Name of project (PCI number)

How the project contributes to Energy Union objectives

Location and type / technology used

Implementation status (expected commissioning date )

Interconnector between Estonia and Finland [currently known as "Balticconnector"] (8.1.1)

The project will end the gas isolation of Finland, provide access to Klaipeda LNG terminal and, after completion of GIPL, further diversify gas sources, routes and counterparts. Overall, it will increase the security of gas supply of both Finland and Estonia by integrating markets in the eastern Baltic region.

Location: From Inkoo (west of Helsinki (FI)) to Paldiski (west of Tallinn (EE)) — routing based on the TEN-E G122/04 Balticconnector study

Technology: New 80 km bidirectional offshore pipeline (Inkoo-Paldiski, DN500, 80 bar), plus 50 km onshore pipeline in EE (Kiili-Paldiski, DN 700, 55 bar) and 20 km onshore pipeline in FI (Siuntio-Inkoo, DN500, 80 bar), including metering and compressor stations at both ends with nominal capacity of 7.2 mcm/day. Capacity can be increased to 11 mcm/day if network capacity in EE and FI is increased. The power of each compressor station is about 10 MW. Of offshore pipeline, 50 km are expected to be part of the FI transmission system and 30 km part of the EE transmission system.

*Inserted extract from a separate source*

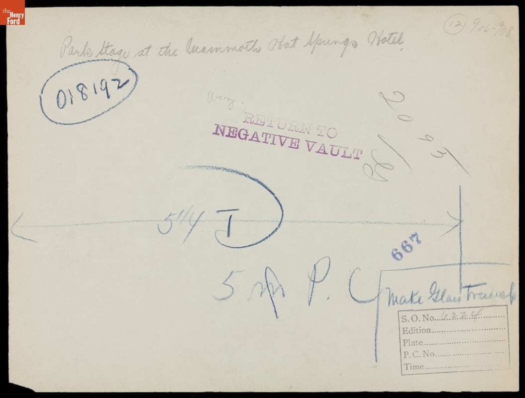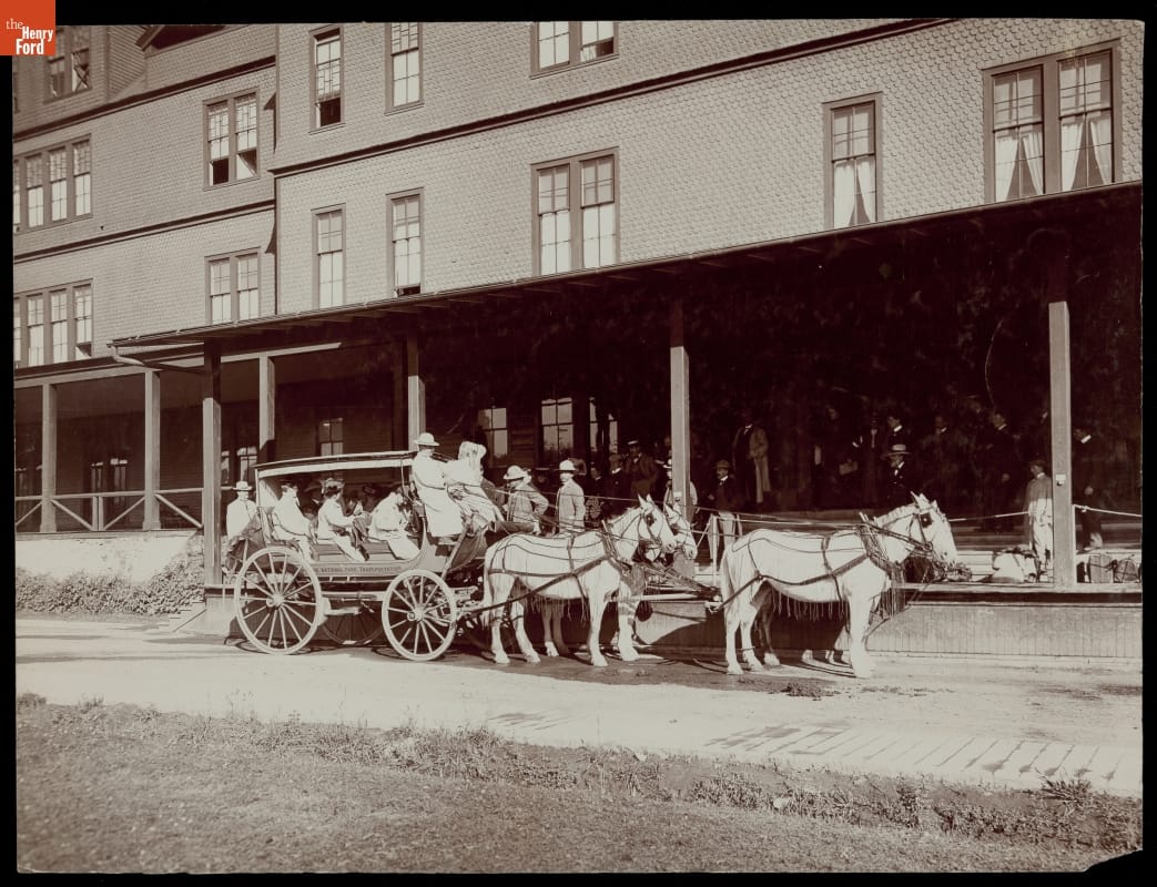 Park Stage at Mammoth Hot Springs Hotel, Yellowstone National Park, Wyoming, circa 1905

Design and permitting (2020)

EITHER:

Paldiski LNG (EE) (8.1.2.2)

OR

Tallinn LNG (EE) (8.1.2.3)

Either project would provide the Baltic states and Finland with further diversification.

Location: New onshore LNG terminal near Paldiski, Harju county (EE), including a reloading facility for bunkering and truck-loading bays.

Technology: Stage I will have a storage capacity of 160 000 cm LNG with a sendout capacity of 3.84 mcm/day; second stage can increase the storage capacity to total of 320 000 cm LNG and send-out capacity to 14 mcm/day, subject to market demand.

Design and permitting (2019 (Stage I))

Location: Muuga Harbour, near Tallinn (EE) .

Technology: New conventional onshore LNG terminal near Tallinn, at Muuga Harbour (including reloading facilities for ships and barges, bio-methane and/or methane-rich gas receiving, network injection facility, truck-loading bay), with send-out capacity of 4 bcm/year and further potential up to 8 bcm/year. LNG storage capacity is up to 320 000 cm and the ship size on existing berth is 230 m (LOA), with an extension possibility to the second berth (also existing) with ship size of 350 m (LOA). The terminal is capable of handling any LNG tanker that can pass through the Danish Straits

Design and permitting (2017 (Phase I); 2019 (Phase II))

Enhancement of Latvia-Lithuania interconnection (8.2.1)

The project will further increase gas transportation capacities from the Klaipeda (LT) LNG terminal and from other EU markets (once GIPL will be commissioned) to Latvia, Estonia and, after completion of Balticconnector, Finland.

Location: Riga to lecava (LV) and lecava to the Lithuanian border; Kiemenai station (LT)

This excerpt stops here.